Fund managers and institutional investors are some common examples of beneficial shareholders whose shares are commonly kept in nominee accounts. Presently, they can only exercise their limited voting rights if they fall within the specified categories stated below:
- Appointment of beneficial shareholder as proxy
Singapore law currently provides that a nominee company as the registered “member” of a company can only appoint a maximum of 2 proxies to attend and vote at a general meeting (unless the articles of association provide otherwise). This means that unless a beneficial shareholder is appointed as 1 of these 2 proxies, he is effectively prevented from attending and voting at shareholders’ meetings due to the limit in the number of proxies.
Even if a company’s articles allow for the appointment of multiple proxies, most of these proxies cannot vote on a show of hands because each registered shareholder is only entitled to one vote on a show of hands. Accordingly, such nominee companies will face the difficulty of deciding which proxy, out of the multiple proxies appointed, will be entitled to exercise their voting rights on a show of hands.
The Code of Corporate Governance 2012 encourages listed companies to amend their articles to remove the limit on the number of proxies that may be appointed by nominee companies. Listed companies will have to comply or explain departures from this principle of the Code. At present, however, few companies have moved to amend their articles to implement a multiple proxies regime.
- Beneficial shareholders notifying nominee companies how they wish to vote
Some nominee companies have introduced a mechanism where a beneficial shareholder can notify them how he wishes to vote. Where the nominee company receives conflicting instructions from its various clients, the nominee company will vote so many shares “for” a resolution and so many shares “against”, by submitting proxy forms appointing the chairperson of the meeting as proxy to vote accordingly.
However, some resolutions require not simply a majority of votes but also a majority in number of the shareholders present and voting (e.g. in a resolution to approve a scheme of arrangement). The above mechanism does not increase the voting rights of beneficial shareholders as the nominee company will still only count as one for the purposes of the number of shareholders.
Where voting is by a show of hands, and not a poll, the same qualification above that the nominee company will be limited to one vote will apply.
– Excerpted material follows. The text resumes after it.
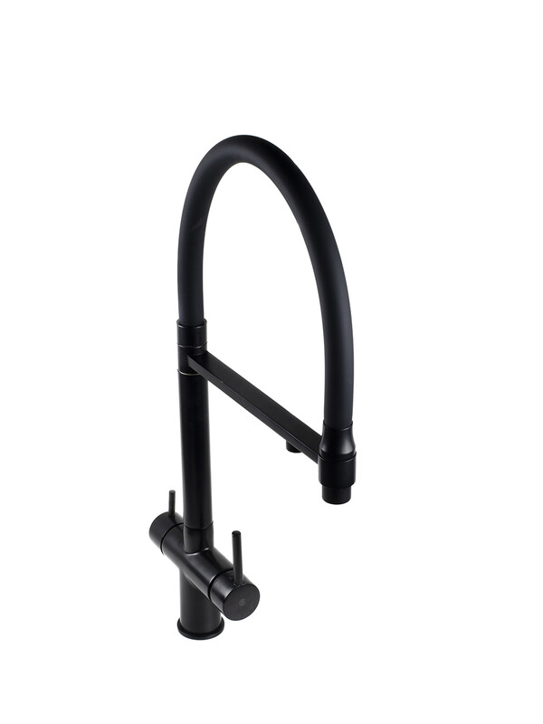 Смеситель Кухня SANTREK AQUA-1033 "PRESTIGE" (SAP-1033) шар. d-35 с гибким силиконовым изливом, с подключением фильтра питьевой воды (черный)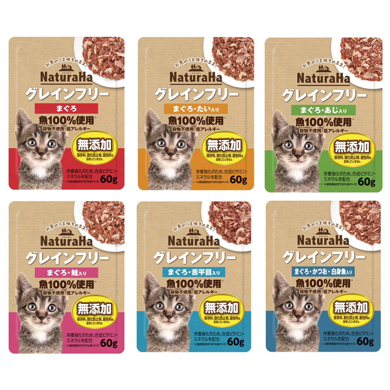 愛猫にお魚を100%使用したNaturaHaグレインフリー 低アレルギーで消化しやすいグレインフリー(穀物不使用)の総合栄養食 各フレーバー6種を2袋ずつまとめました。

It is noteworthy that reforms have been set in place and endorsed by the Ministry of Finance. In particular, one of the accepted recommendations for the reform of our Companies Act is to allow, unless otherwise prohibited by a company’s articles, registered “members” falling within the following two categories to appoint more than 2 proxies to vote at general meetings (provided that each proxy is appointed to exercise the rights attached to a different share or shares and the number of shares and class of shares shall be specified):
Reforms
- any banking corporation licensed under the Banking Act or wholly-owned subsidiary of such a banking corporation, whose business includes the provision of nominee services and who holds shares in that capacity; and
- any person holding a capital markets services licence to provide custodial services for securities under the Securities and Futures Act.
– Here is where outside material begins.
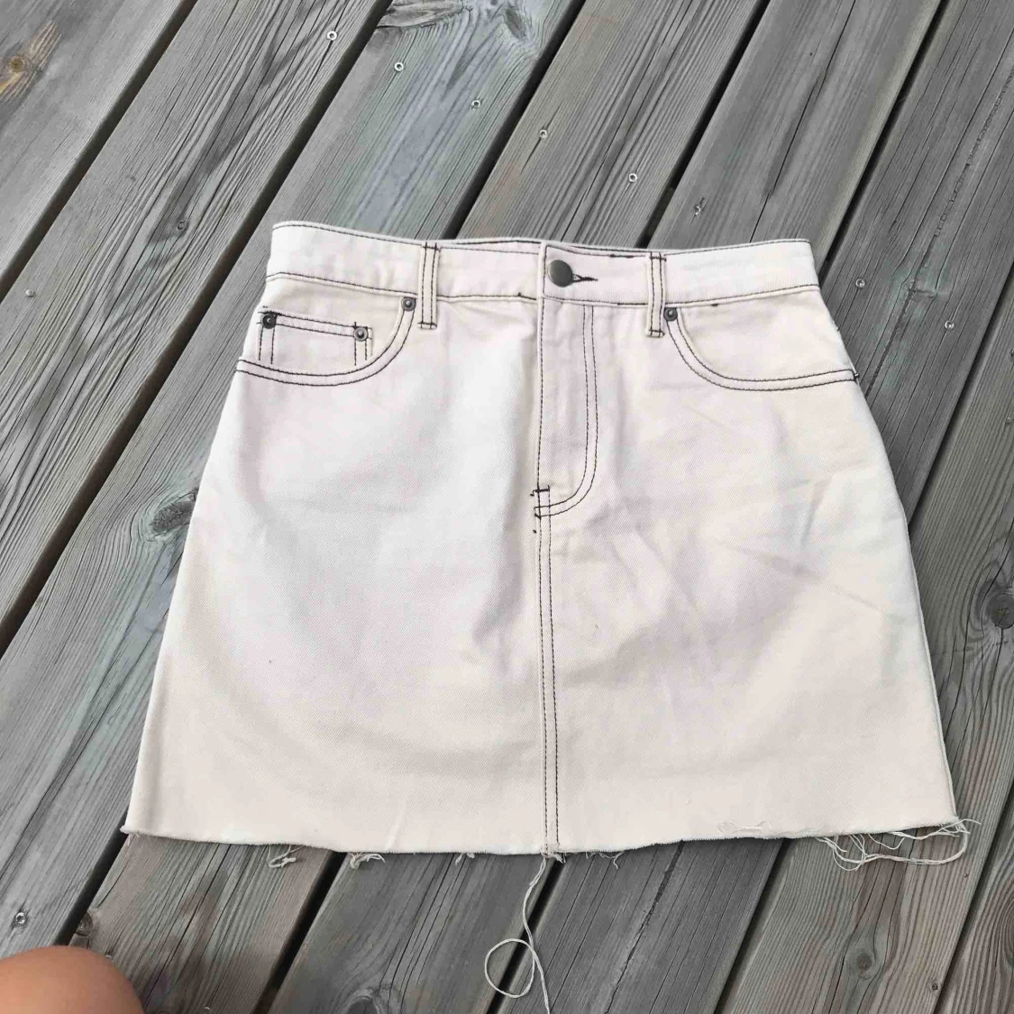 Snygg ljusrosa/ krämvit jeanskjol från Forever 21 med svarta sömmar🥰 Aldrig använd

The Ministry of Finance intends to table the Bill in Parliament to implement these amendments by the end of 2013. Accordingly, once the changes are set in place, investors whose shares are held in the aforementioned broker nominee accounts will then be given the ability to vote in general meetings, whether by poll or on a show of hands.In addition, our Companies Act will be amended to allow the proposed multiple proxies to each be given the right to vote on a show of hands in a shareholders’ meeting.